Stamped out Featured

8:00pm EDT June 25, 2009

The Florida legislature has closed the door on a popular exemption from documentary stamp taxes on the transfer of real estate.

Since 2005, real estate investors have taken advantage of a Florida Supreme Court ruling Crescent Miami Center, LLC v. Florida Department of Revenue, which says there is no “consideration” for documentary stamp tax purposes if unencumbered property is transferred to an entity whose ownership is the same as the owners before the transfer.

“This exemption allowed properties to be transferred to unrelated third parties free of documentary stamp taxes,” says Ellen Rose, a partner at Katz Barron Squitero Faust.

The Florida Legislature took notice and recently enacted a change in the documentary stamp tax law that largely eliminates this strategy after July 1, 2009.

Smart Business spoke with Rose about the new law and how it could affect you.

How did the Crescent exemption work?

First, it requires real property held free and clear of mortgages or other liens.
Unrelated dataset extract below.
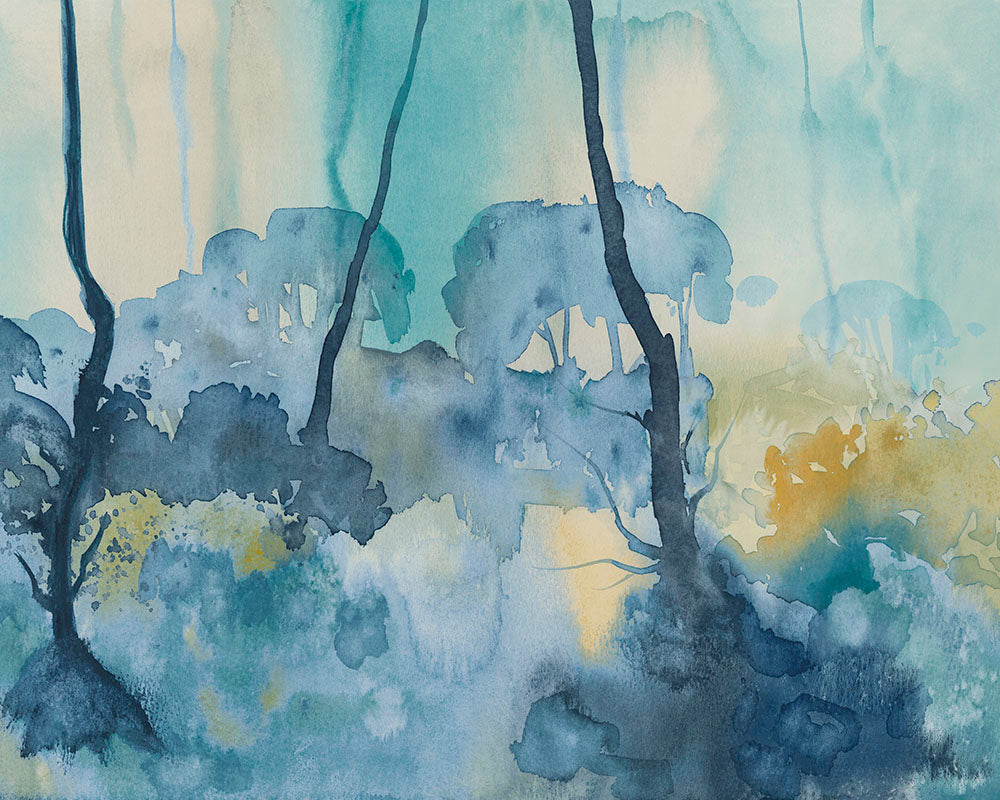 This design reflects intertwining silhouettes of slender forest tree trunks layered with abundant foliage. The contrasting shadows and light renders a multi-dimensional vista to the room so that you feel encapsulated by nature.

The property owners would then form a new artificial entity, such as a corporation or LLC, and issue the equity interests to the same individuals who were the existing property owners, in the same proportions.

Next, the property owners would transfer the property to the new entity. Then, the equity interests in the new entity are transferred to third parties, who then own the real property indirectly through the new entity. In order to accommodate more complex ownership structures, additional steps that followed the same principles of the exemption were often added to the process. Since many institutional and wealthy private investors acquire and hold real estate without financing, this exemption strategy was useful in countless transactions across the state. Documentary stamp taxes on a $10,000,000 transaction are $70,000 ($105,000 in Miami-Dade County, including the local surtax).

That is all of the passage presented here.